» TASK
Would you return, word for word, the lines running from the one with "أضاف، إنني فلسطيني،" to the final line of the listing below, pictures omitted?
■ ■ ■ ■ ■
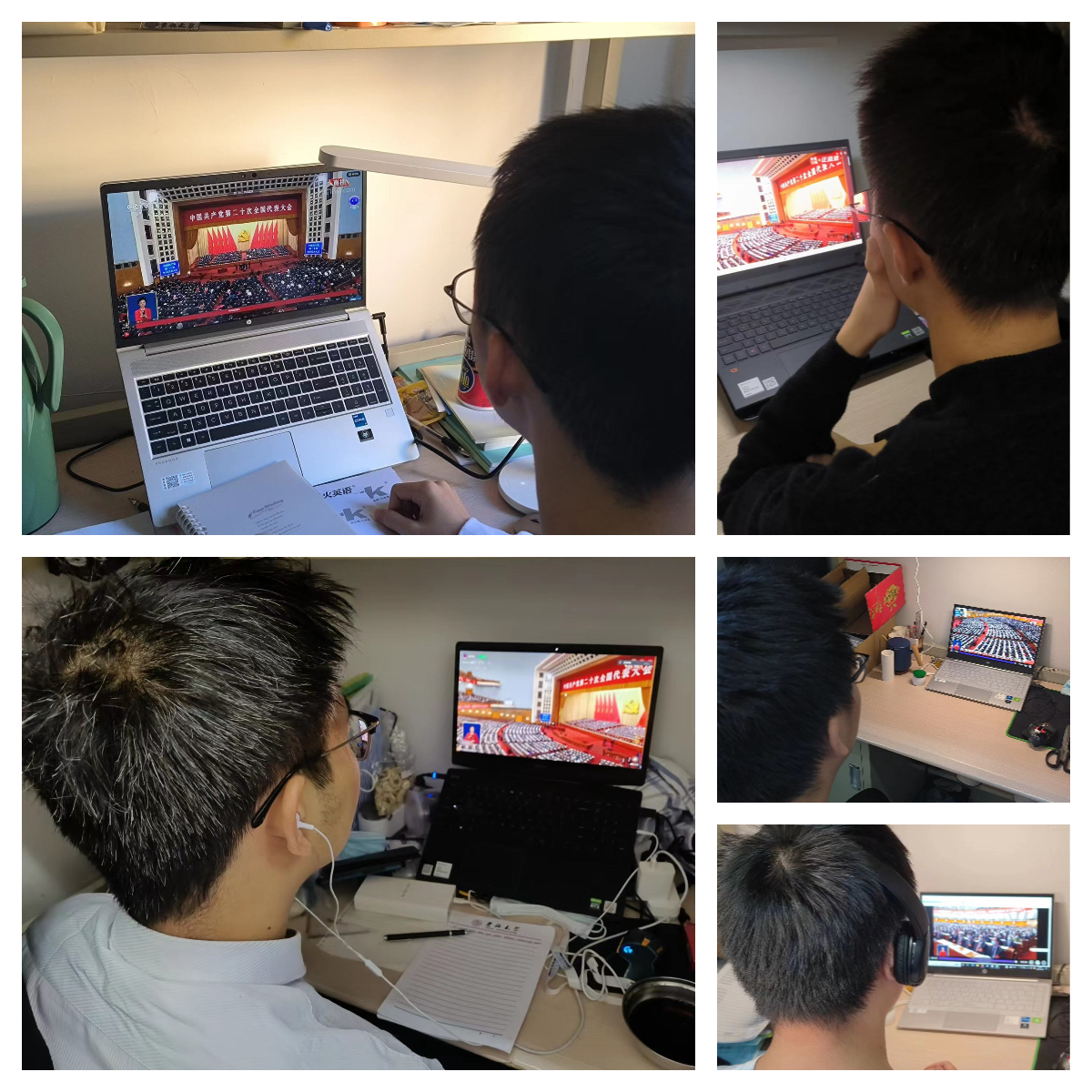 大会开始前,同学们在腾讯会议线上集合,学习探讨了二十大的重要意义,等待大会开始。上午10时整,党的二十大正式召开,习近平总书记代表第十九届中央委员会向大会作了题为《高举中国特色社会主义伟大旗帜,为全面建设社会主义现代化国家而团结奋斗》的报告。其间,同学们认真学习总书记讲话并做笔记,更深入的理解与认识中国过去五年的工作和新时代十年的伟大变革、更加明晰了自己作为新时代青年的责任与义务。会后,同学们受到党和国家数年如一日风雨无阻的奋斗激励,纷纷写下心得体会,表达了对党和国家的感恩和对更有高度、更有境界、更有品位人生的不懈追求。
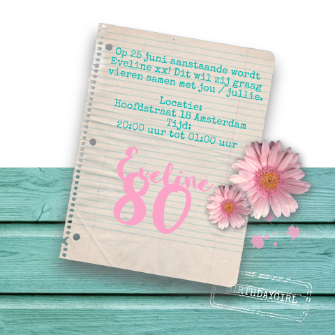 Uitnodiging 80ste verjaardag hout, bloemen en foto
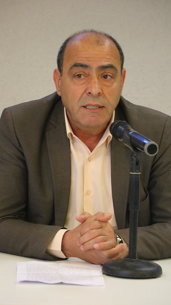 أضاف، إنني فلسطيني، كَبُرت وكبُرت امامي أيامي، أحأور أحوالي، أرى كل شيء ومن حولي قومي، وينسجُ الجدال في قلب الخيال، تارة نمتشقُ سلاحاً، وتارة تهوى بنا أحلامنا لتأخذنا إلى هناك، إلى حيث كنا مُحملين نماذجاً صلبة في تُربة مالحة، هناك أي قبل مئات، بل ألاف السنين.
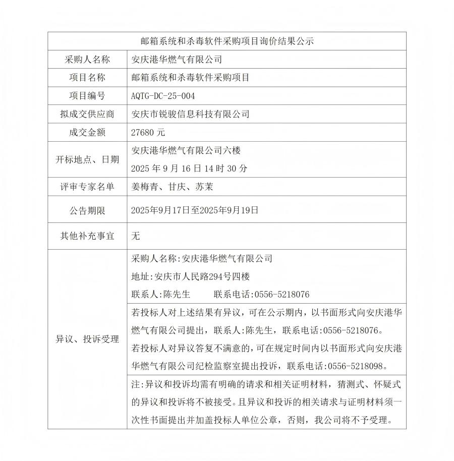 郵箱系統(tǒng)和殺毒軟件采購(gòu)項(xiàng)目詢(xún)價(jià)結(jié)果公示 發(fā)布時(shí)間:2025-09-17    閱讀次數(shù):707次
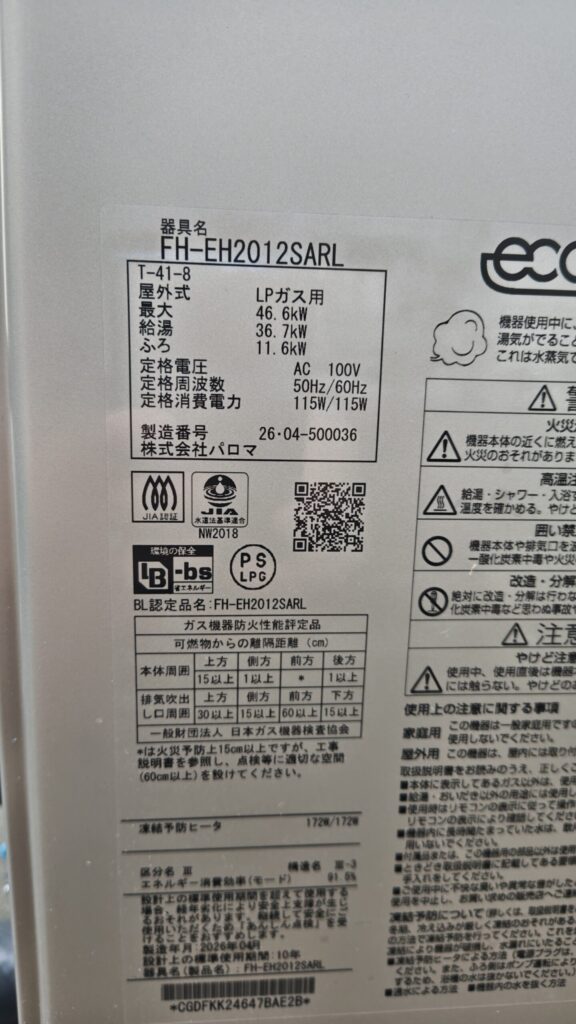 【施工事例】小田原市K様。パロマ給湯器20号オート エコジョーズに交換させていただきました。
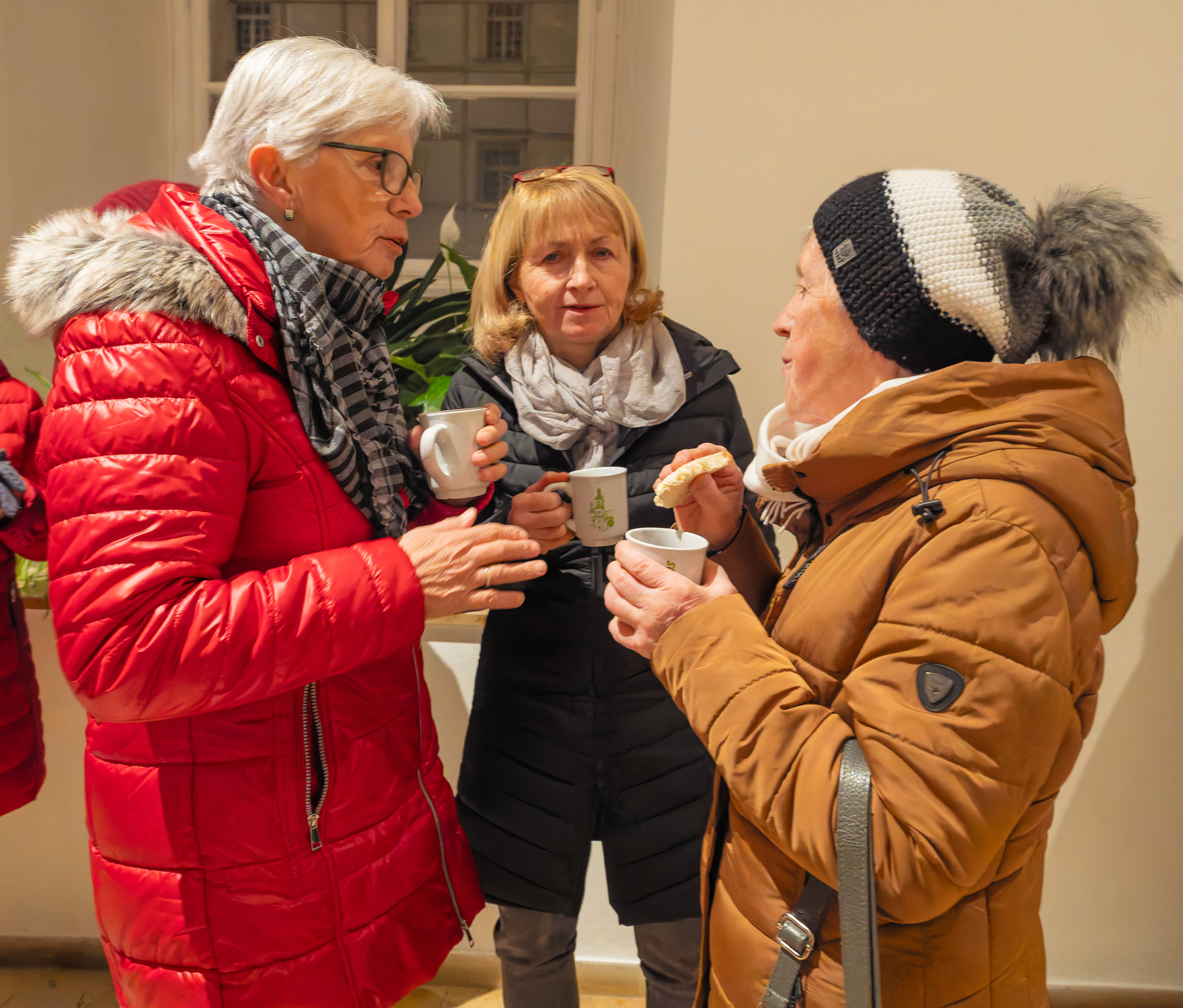 Im Anschluss an den Gottesdienst gab es noch ein gemütliches Beisammensein bei wärmenden Getränken. Damit konnte diese intensive Woche noch mit Begegnungen ausklingen.
■ ■ ■ ■ ■
» COMPLETED EXERCISE
 أضاف، إنني فلسطيني، كَبُرت وكبُرت امامي أيامي، أحأور أحوالي، أرى كل شيء ومن حولي قومي، وينسجُ الجدال في قلب الخيال، تارة نمتشقُ سلاحاً، وتارة تهوى بنا أحلامنا لتأخذنا إلى هناك، إلى حيث كنا مُحملين نماذجاً صلبة في تُربة مالحة، هناك أي قبل مئات، بل ألاف السنين.
 郵箱系統(tǒng)和殺毒軟件采購(gòu)項(xiàng)目詢(xún)價(jià)結(jié)果公示 發(fā)布時(shí)間:2025-09-17    閱讀次數(shù):707次
 【施工事例】小田原市K様。パロマ給湯器20号オート エコジョーズに交換させていただきました。
 Im Anschluss an den Gottesdienst gab es noch ein gemütliches Beisammensein bei wärmenden Getränken. Damit konnte diese intensive Woche noch mit Begegnungen ausklingen.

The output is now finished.